_Exercise goal_
Copy the material below verbatim from the line with "Marshmallow Mirage by" to the line with "近日,智能科学学院组织军人学", both lines included, omitting pictures and every line outside that range.

###

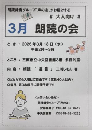 令和8年3月18日(水曜日) 中央図書館にて、朗読の会を開催しました! 三浦しおん 著『遺言』を...
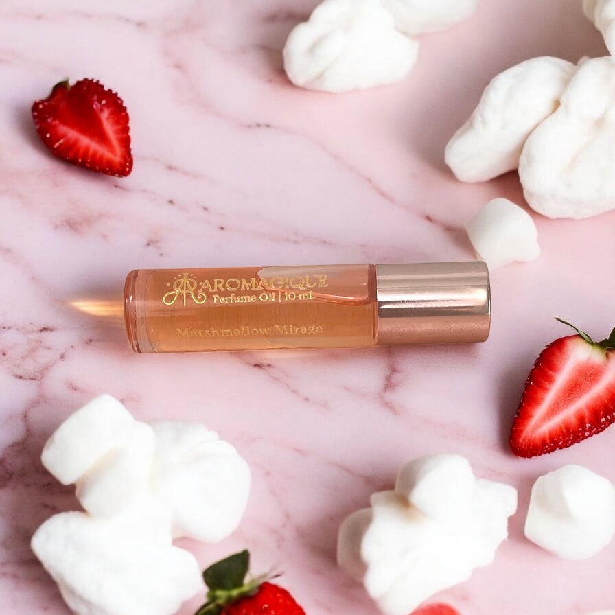 Marshmallow Mirage by Aromagique — A radiant burst of citrus and blossom melts into fluffy marshmallow, strawberry, and coconut, settling into a cloud of vanilla, whipped cream, and musk. Sweet. Dreamy. Irresistible.
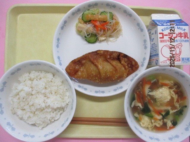 期末考査2日目でした。ジャンボ揚げ餃子は人気のあるメニュー。ごはんが進むおかずです。楽しみにしていた人も多かったのか、給食前にチェックをして、教室へ戻る人もいました。明日で期末考査も終わりです。体調管理をして、万全の体調で最終日をむかえてほしいと思います。
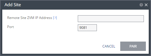 Remote Site ZVM IP Address – IP address or fully qualified DNS host name of the remote site Zerto Virtual Manager to pair to.
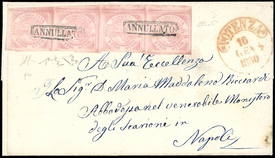 1860 - 1/2 grana rosa carminio chiaro (1c), striscia verticale di quattro esemplari, il primo con parziale filigrana "BT" gli altri tre senza filigrana, su fresca lettera da Potenza 16/1/1860 a Napoli. Splendida e rara. A. ed E.Diena, Chiavarello, cert. Ferrario. Ex coll. Imperato (cat.Sassone in proporzione € 16.500++).
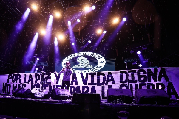 A esa hora, cerca de las 10 de la noche, la Plaza Cívica Ciudad Victoria seguía llena, a pesar de que la lluvía no había amainado. El público había esperado a la banda, una de las más importantes del rock en Colombia, y coreaba “¡La Peste! ¡La Peste!», mientras Dilson, Carlos Marín, Isabel Valencia y Marcelo Gómez cantaban varios de sus éxitos, muchos de los cuáles hablan del conflicto en los territorios, la violencia, la corrupción, la desigualdad y los derechos humanos.
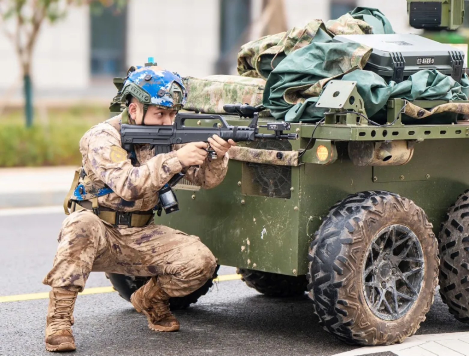 近日,智能科学学院组织军人学员在长沙校区三号院开展毕业综合演练。图为学员依托无人车进行对抗。(殷瑞阳、陈铭)
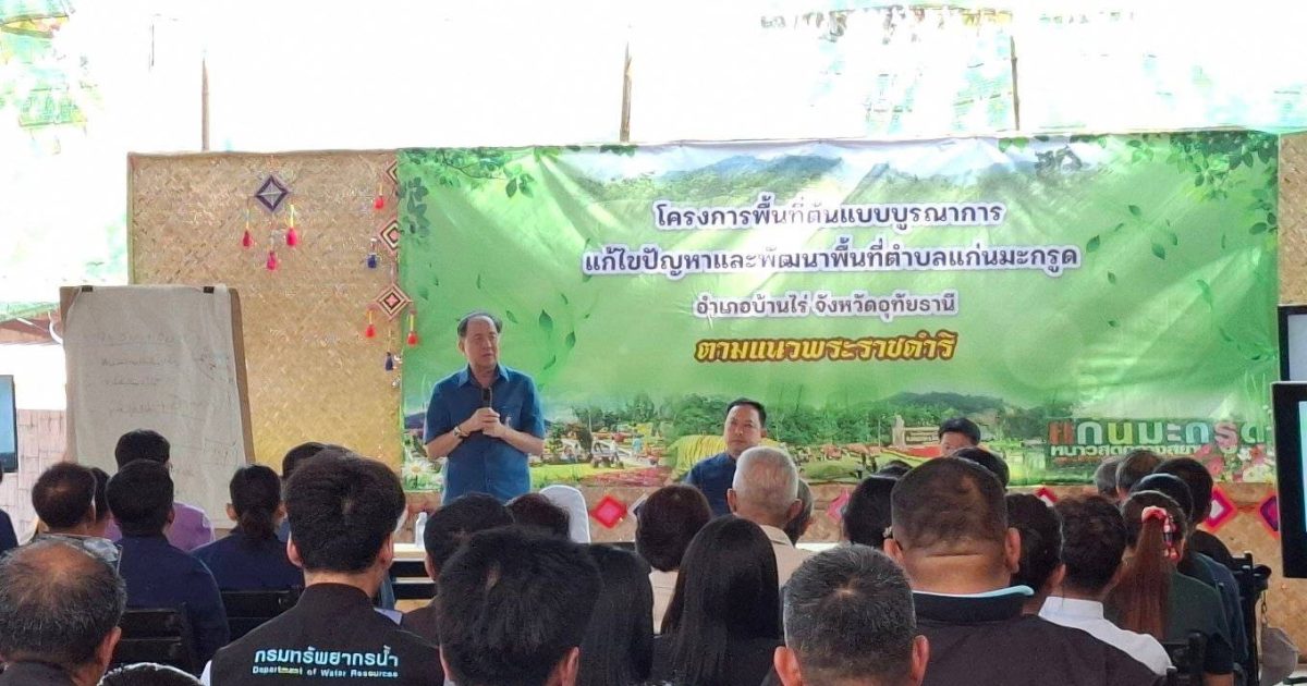 ซึ่ง โดยมีนายกฤษฎา บุญราช ประธานกรรมการสถาบันส่งเสริมและพัฒนากิจกรรมปิดทองหลังพระ สืบสานแนวพระราชดำริ นายอุมาศ มาศทอง ปลัดองค์การบริหารส่วนตำบลบ้านไร่ หัวหน้าส่วนราชการต่างๆ และหน่วยงานที่เกี่ยวข้องร่วมเข้าประชุม ณ สภาตำบลแก่นมะกรูด อำเภอบ้านไร่ จังหวัดอุทัยธานี
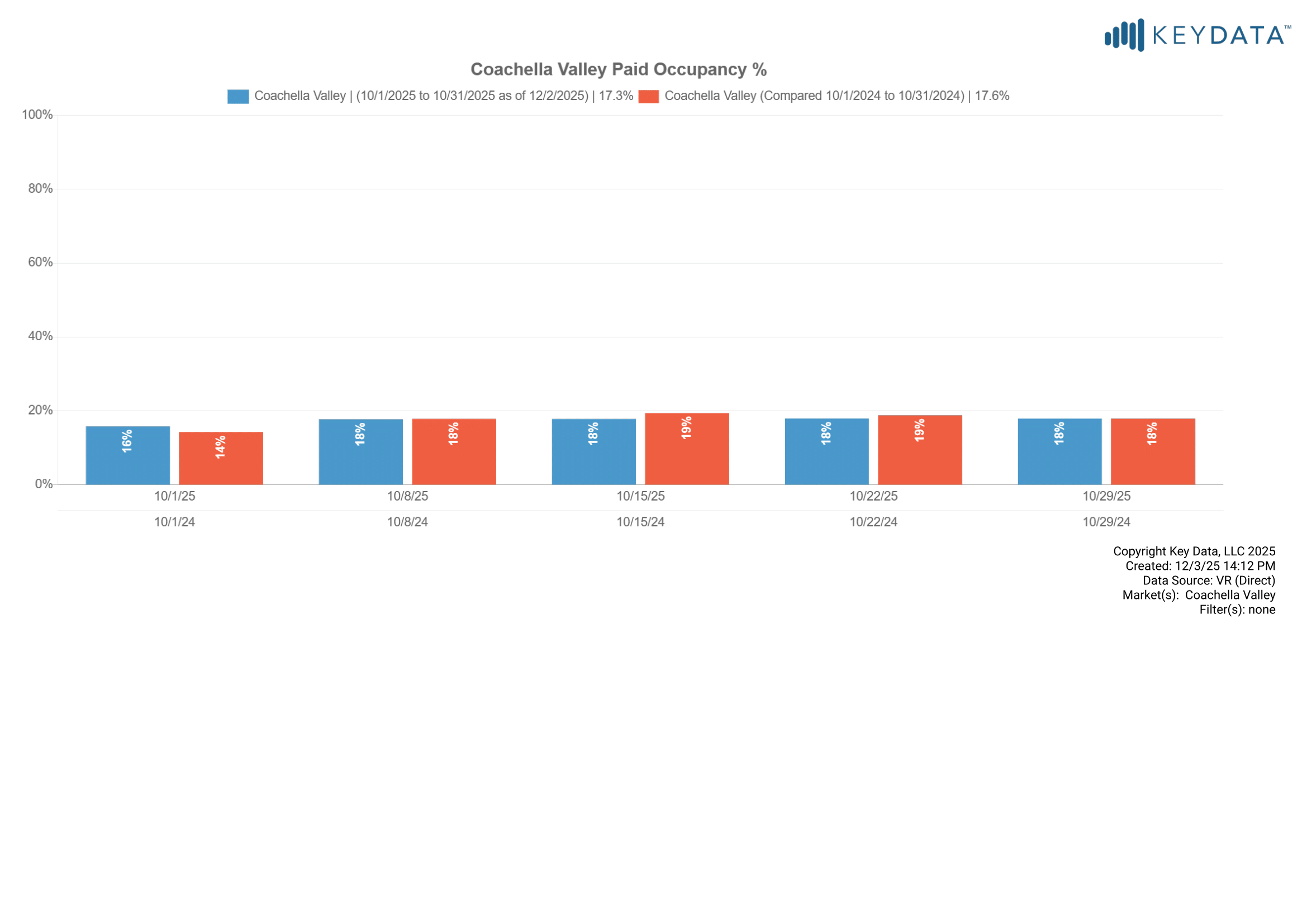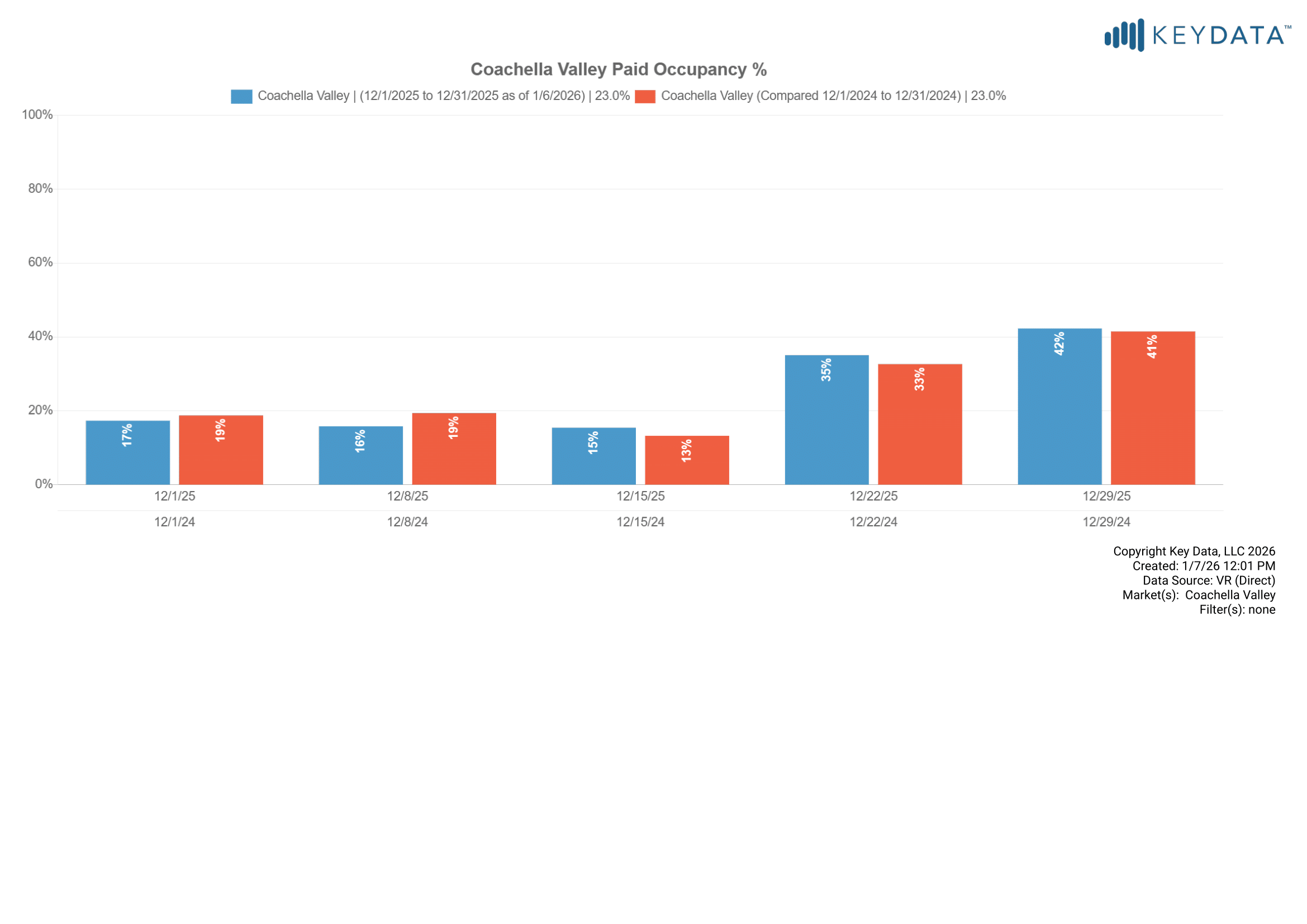 OTA calendar occupancy was 47.4% for December 2025, compared to 55.3% in 2024. Note, the graph below also includes professionally managed “calendar occupancy” which includes dates occupied by owners, maintenance holds and other non-paid calendar blocks. OTA calendars do not indicate whether reservations are paid guest stays or non-paid calendar blocks.

###

_Expected answer_
 Marshmallow Mirage by Aromagique — A radiant burst of citrus and blossom melts into fluffy marshmallow, strawberry, and coconut, settling into a cloud of vanilla, whipped cream, and musk. Sweet. Dreamy. Irresistible.
 期末考査2日目でした。ジャンボ揚げ餃子は人気のあるメニュー。ごはんが進むおかずです。楽しみにしていた人も多かったのか、給食前にチェックをして、教室へ戻る人もいました。明日で期末考査も終わりです。体調管理をして、万全の体調で最終日をむかえてほしいと思います。
 Remote Site ZVM IP Address – IP address or fully qualified DNS host name of the remote site Zerto Virtual Manager to pair to.
 1860 - 1/2 grana rosa carminio chiaro (1c), striscia verticale di quattro esemplari, il primo con parziale filigrana "BT" gli altri tre senza filigrana, su fresca lettera da Potenza 16/1/1860 a Napoli. Splendida e rara. A. ed E.Diena, Chiavarello, cert. Ferrario. Ex coll. Imperato (cat.Sassone in proporzione € 16.500++).
 A esa hora, cerca de las 10 de la noche, la Plaza Cívica Ciudad Victoria seguía llena, a pesar de que la lluvía no había amainado. El público había esperado a la banda, una de las más importantes del rock en Colombia, y coreaba “¡La Peste! ¡La Peste!», mientras Dilson, Carlos Marín, Isabel Valencia y Marcelo Gómez cantaban varios de sus éxitos, muchos de los cuáles hablan del conflicto en los territorios, la violencia, la corrupción, la desigualdad y los derechos humanos.
 近日,智能科学学院组织军人学员在长沙校区三号院开展毕业综合演练。图为学员依托无人车进行对抗。(殷瑞阳、陈铭)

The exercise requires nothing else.